Department of Statistics, Iowa State University, Ames, IA 50011, USA.
Department of Energy, Joint Genome Institute, Berkeley, CA 94720, USA.
Bioinformatics. 2023 Jan 1;39(1). doi: 10.1093/bioinformatics/btac782.
High-throughput sequencing technologies have greatly facilitated microbiome research and have generated a large volume of microbiome data with the potential to answer key questions regarding microbiome assembly, structure and function. Cluster analysis aims to group features that behave similarly across treatments, and such grouping helps to highlight the functional relationships among features and may provide biological insights into microbiome networks. However, clustering microbiome data are challenging due to the sparsity and high dimensionality.

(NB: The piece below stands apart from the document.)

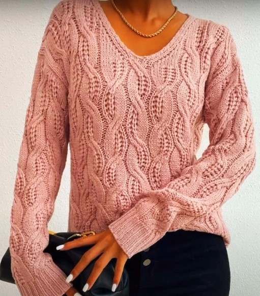 Раппорт 20 п. х 39 рядов. чтобы добиться абсолютно такого узора как на фото, в "косе" лицевые петли с одной из сторон, снимаем не провязывая или вяжем лиц. на 1 ряд ниже. Но если это сложно, то можно вязать как обычно. Набираем на спицы №3 = 90 (96) 102 п. и вяжем для планки по низу изделия резинкой 1х1 8 - 10 см Продолжаем работу спицами №3,5 основным узором Через 48(49)50 см = 116(118)120 р. от планки для формирования выреза горловины закрыть средние 22(24)26 п. и далее в каждом вт

We propose a model-based clustering method based on Poisson hurdle models for sparse microbiome count data. We describe an expectation-maximization algorithm and a modified version using simulated annealing to conduct the cluster analysis. Moreover, we provide algorithms for initialization and choosing the number of clusters. Simulation results demonstrate that our proposed methods provide better clustering results than alternative methods under a variety of settings. We also apply the proposed method to a sorghum rhizosphere microbiome dataset that results in interesting biological findings.
R package is freely available for download at https://cran.r-project.org/package=PHclust.
Supplementary data are available at Bioinformatics online.
高通量测序技术极大地促进了微生物组研究,并产生了大量具有回答关于微生物组组装、结构和功能的关键问题潜力的微生物组数据。聚类分析旨在对在不同处理中表现相似的特征进行分组,这种分组有助于突出特征之间的功能关系,并可能为微生物组网络提供生物学见解。然而,由于稀疏性和高维性,聚类微生物组数据具有挑战性。
我们提出了一种基于泊松障碍模型的基于模型的聚类方法,用于稀疏微生物计数数据。我们描述了一种期望最大化算法和一种使用模拟退火的修改版本来进行聚类分析。此外,我们还提供了初始化和选择聚类数量的算法。模拟结果表明,在各种设置下,我们提出的方法比替代方法提供了更好的聚类结果。我们还将所提出的方法应用于高粱根际微生物组数据集,得到了有趣的生物学发现。
R 包可在 https://cran.r-project.org/package=PHclust 上免费下载。
补充数据可在生物信息学在线获得。